Rice 360˚ has been widely recognized for its global health undergraduate program (previously known as Beyond Traditional Borders), an innovative global health technologies curriculum which incorporates high school, undergraduate, and graduate students. This curriculum places emphasis on the development of student-designed technologies aimed at addressing healthcare delivery challenges in low-resource settings.

Undergraduate students across all majors who participate in the curriculum may apply to complete a summer internship in Malawi, Brazil, or on the US-Mexico border. During this month-long stay, students have the opportunity to put their designs to work, testing their efficacy and durability. Each student keeps a blog during their stay, which can be found here. These students may choose to work on their designs up until they graduate, at which point they are often handed off to one of our Global Health Fellows or graduate students.

Global Health Fellows

Rice 360˚’s Global Health Fellows are post-baccalaureate students hired by Rice 360° to continue the design and revision process of the undergraduate students’ technologies.
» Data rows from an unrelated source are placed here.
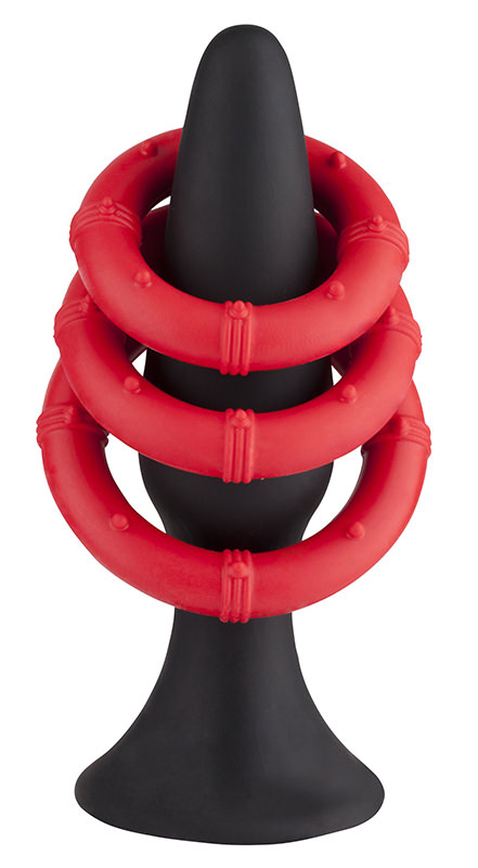 Массажер для стимуляции ануса выполнен в черном цвете и имеет рельефную поверхность. Комплект дополнен тремя кольцами для усиления эрекции у мужчин. Кольца изготовлены из медицинского силикона, безопасного в применении.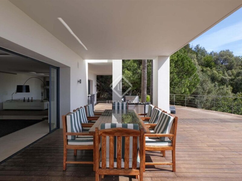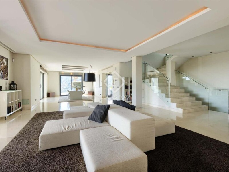 With ample space it is a 5-bedroom, 6-bathroom villa. This wonderful modern villa offers a wholly spacious living and dining areas with a gas fireplace and access to large terraces of high-quality pressed bamboo and offers panoramic views. The open-plan fully-fitted kitchen is complete with Gaggenau appliances, the guest toilet and one guest bedroom en suite. The upper floor consists of hallway entrance, master bedroom with dressing en suite and extra sitting salon currently used as an office as well as one guest bedroom with en-suite bathroom. The lower floor offers two guest bedrooms each with en suite as well as a cinema room for 15 people, a wine cellar and storage rooms. There is additional extra space which could be used to do a fitness room, gym, spa or staff quarters. The drive area offers outside parking with the possibility to add a carport for up to three cars. The large private pool is built with chill out areas to get the most from the stunning views.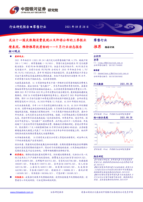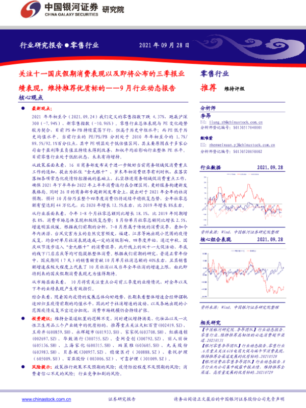 【银河证券】【20210928】零售行业9月行业动态报告:关注十一国庆假期消费表现以及即将公布的三季报业绩表现,维持推荐优质标的-25页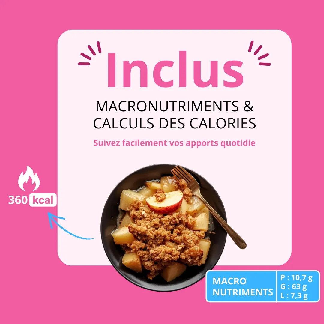 Pour vous aider à manger de façon plus équilibrée, chaque recette de l’ebook inclut les calories ainsi que les macronutriments (protéines, glucides et lipides) par portion.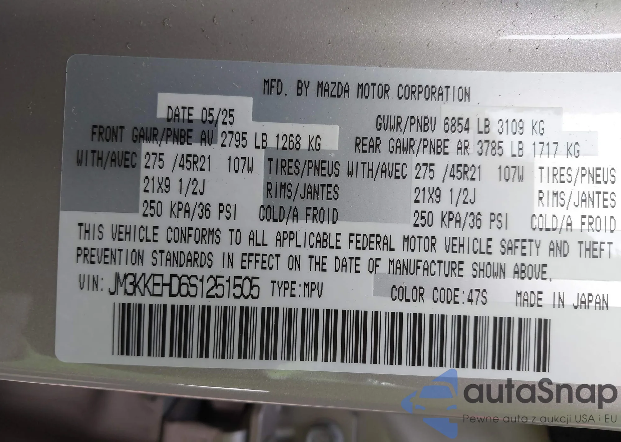 LOT: 43600633 VIN: JM3KKEHD6S1251505

They work to streamline each design and prepare the technologies for eventual clinical trials at Rice 360˚’s partner hospital – the Queen Elizabeth Central Hospital in Blantyre, Malawi. Meet our current Global Health Fellows and follow their work here.

Our Partners

Rice 360˚’s partners—both domestic and international—support the development and eventual dissemination of our technologies by identifying needs for low-cost technologies and providing feedback on new designs.

To close the implementation gap and achieve real gains in global health, Rice 360° brings together leading expertise from the Jones Graduate School of Business, the James A. Baker III Institute for Public Policy, and the Rice Alliance for Technology Entrepreneurship to research and implement effective methods of delivery for appropriate health technologies in the developing world.  Such methods might incorporate local resources and generate local economic growth and innovation. Rice 360° faculty members seek to understand the cultural determinants influencing technology adoption, as well as the means of production and distribution that will deliver technologies to people in need.